Required action ▸ Omit the pictures and copy the entries exactly.

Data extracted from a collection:
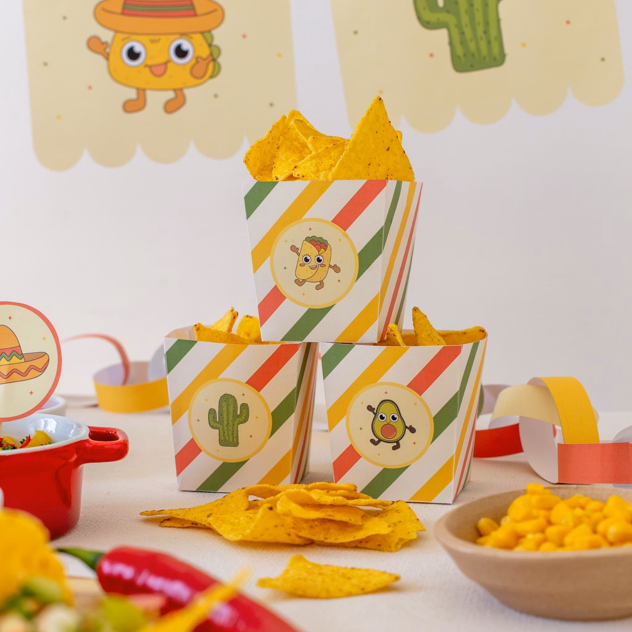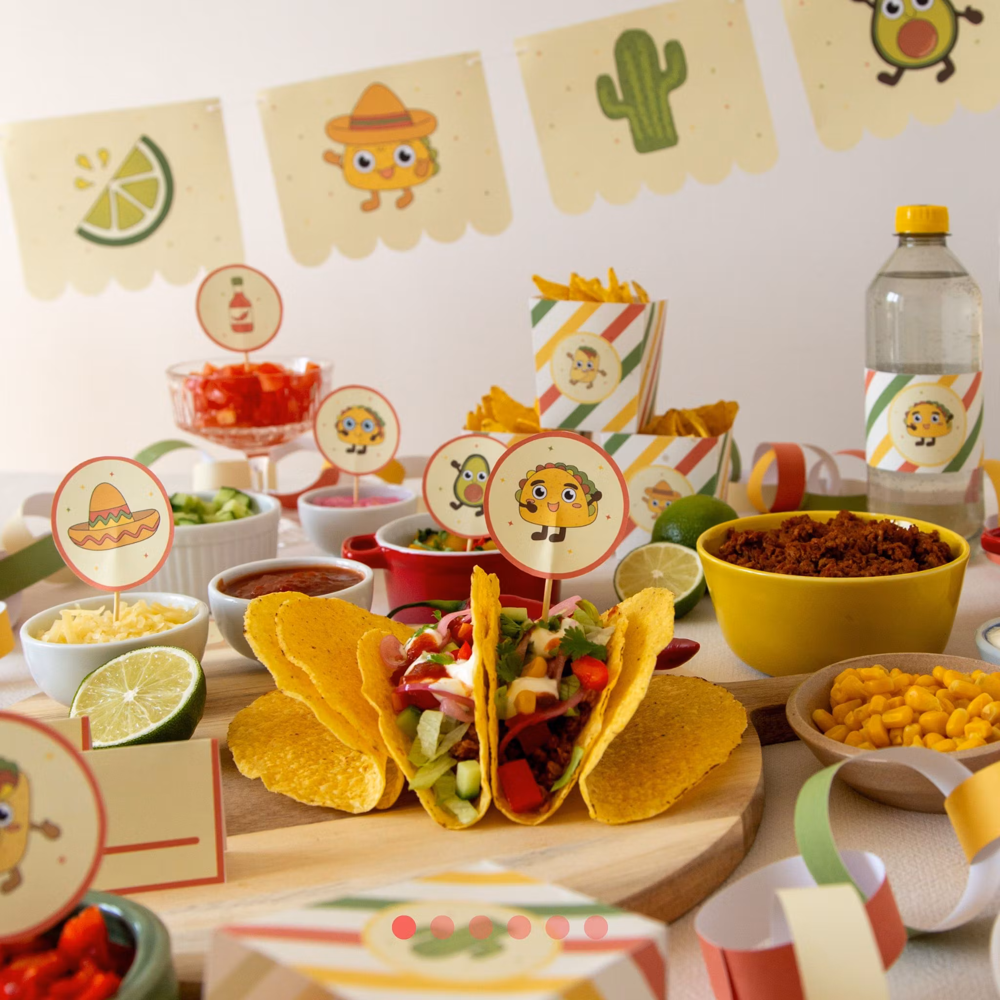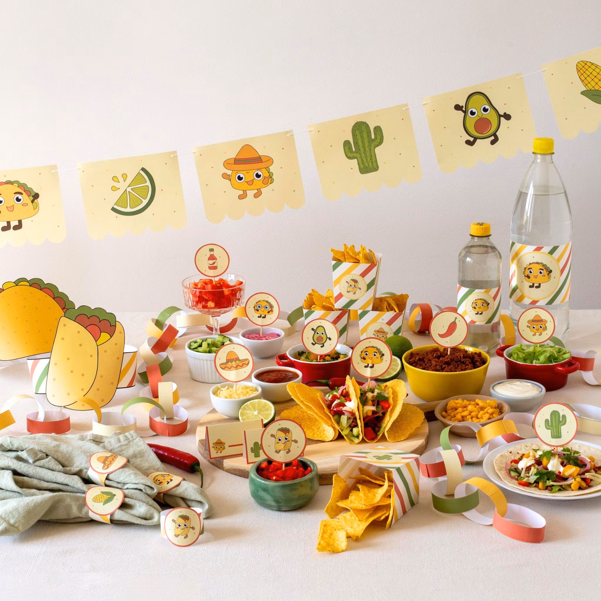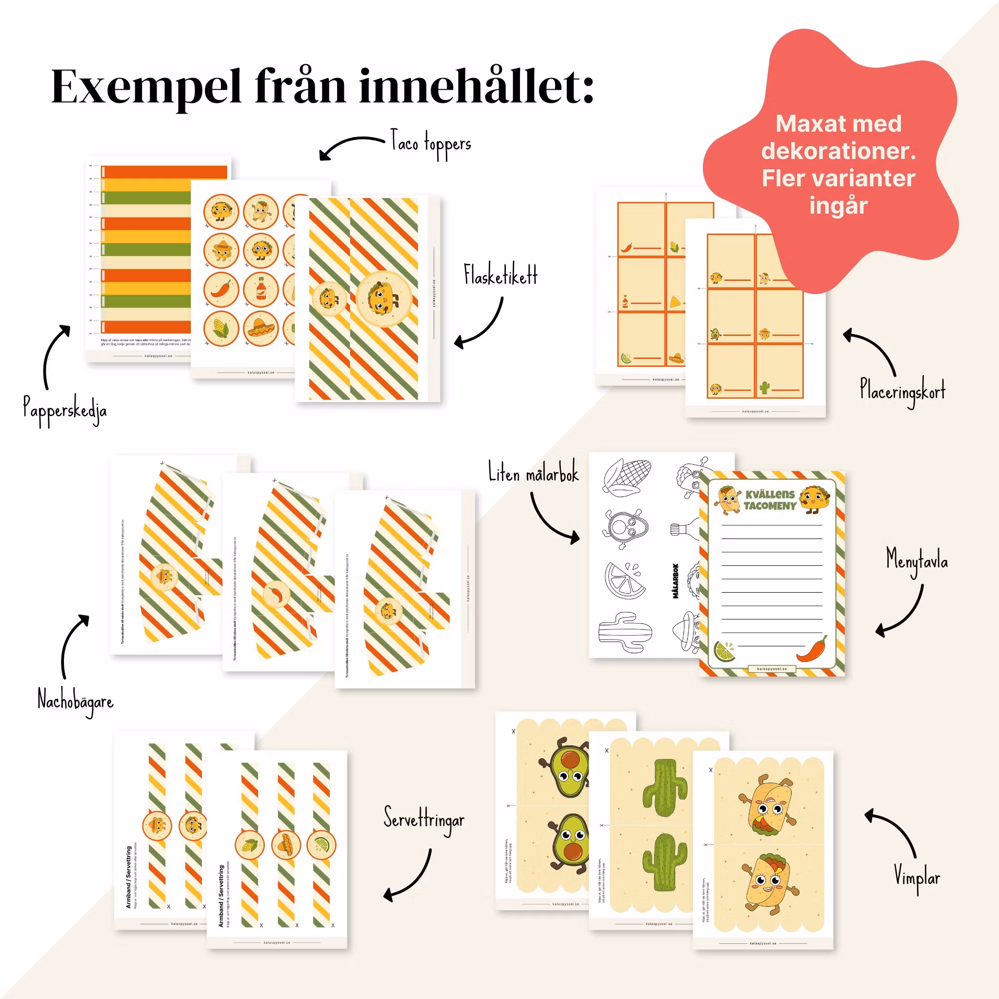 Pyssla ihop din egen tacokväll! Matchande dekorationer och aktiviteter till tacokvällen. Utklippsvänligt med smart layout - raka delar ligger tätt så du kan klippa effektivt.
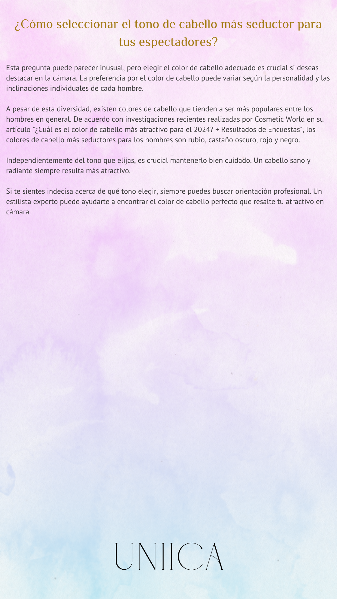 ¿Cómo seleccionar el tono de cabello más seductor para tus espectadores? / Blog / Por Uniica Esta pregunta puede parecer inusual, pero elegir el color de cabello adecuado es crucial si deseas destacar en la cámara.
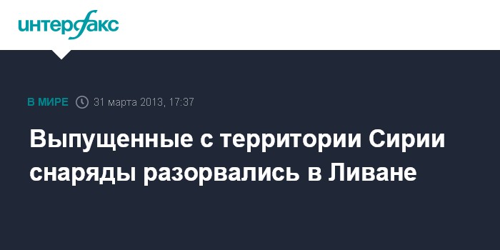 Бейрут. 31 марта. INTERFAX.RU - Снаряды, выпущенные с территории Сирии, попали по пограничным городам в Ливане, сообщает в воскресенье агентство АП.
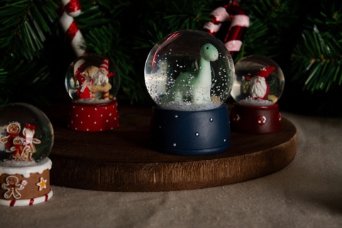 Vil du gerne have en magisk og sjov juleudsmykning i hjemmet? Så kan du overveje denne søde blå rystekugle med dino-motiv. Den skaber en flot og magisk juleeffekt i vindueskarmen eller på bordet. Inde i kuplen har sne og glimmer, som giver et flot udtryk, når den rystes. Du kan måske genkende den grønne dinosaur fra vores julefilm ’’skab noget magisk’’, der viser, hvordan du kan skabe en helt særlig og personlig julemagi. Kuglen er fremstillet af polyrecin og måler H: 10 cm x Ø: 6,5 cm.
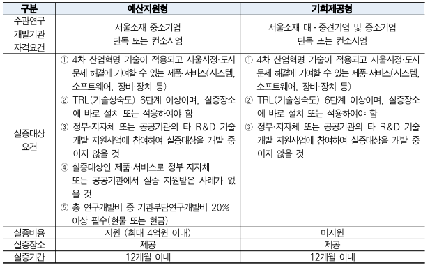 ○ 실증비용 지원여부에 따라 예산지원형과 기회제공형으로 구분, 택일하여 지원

Response ▸
 Pyssla ihop din egen tacokväll! Matchande dekorationer och aktiviteter till tacokvällen. Utklippsvänligt med smart layout - raka delar ligger tätt så du kan klippa effektivt.
 ¿Cómo seleccionar el tono de cabello más seductor para tus espectadores? / Blog / Por Uniica Esta pregunta puede parecer inusual, pero elegir el color de cabello adecuado es crucial si deseas destacar en la cámara.
 Бейрут. 31 марта. INTERFAX.RU - Снаряды, выпущенные с территории Сирии, попали по пограничным городам в Ливане, сообщает в воскресенье агентство АП.
 Vil du gerne have en magisk og sjov juleudsmykning i hjemmet? Så kan du overveje denne søde blå rystekugle med dino-motiv. Den skaber en flot og magisk juleeffekt i vindueskarmen eller på bordet. Inde i kuplen har sne og glimmer, som giver et flot udtryk, når den rystes. Du kan måske genkende den grønne dinosaur fra vores julefilm ’’skab noget magisk’’, der viser, hvordan du kan skabe en helt særlig og personlig julemagi. Kuglen er fremstillet af polyrecin og måler H: 10 cm x Ø: 6,5 cm.
 ○ 실증비용 지원여부에 따라 예산지원형과 기회제공형으로 구분, 택일하여 지원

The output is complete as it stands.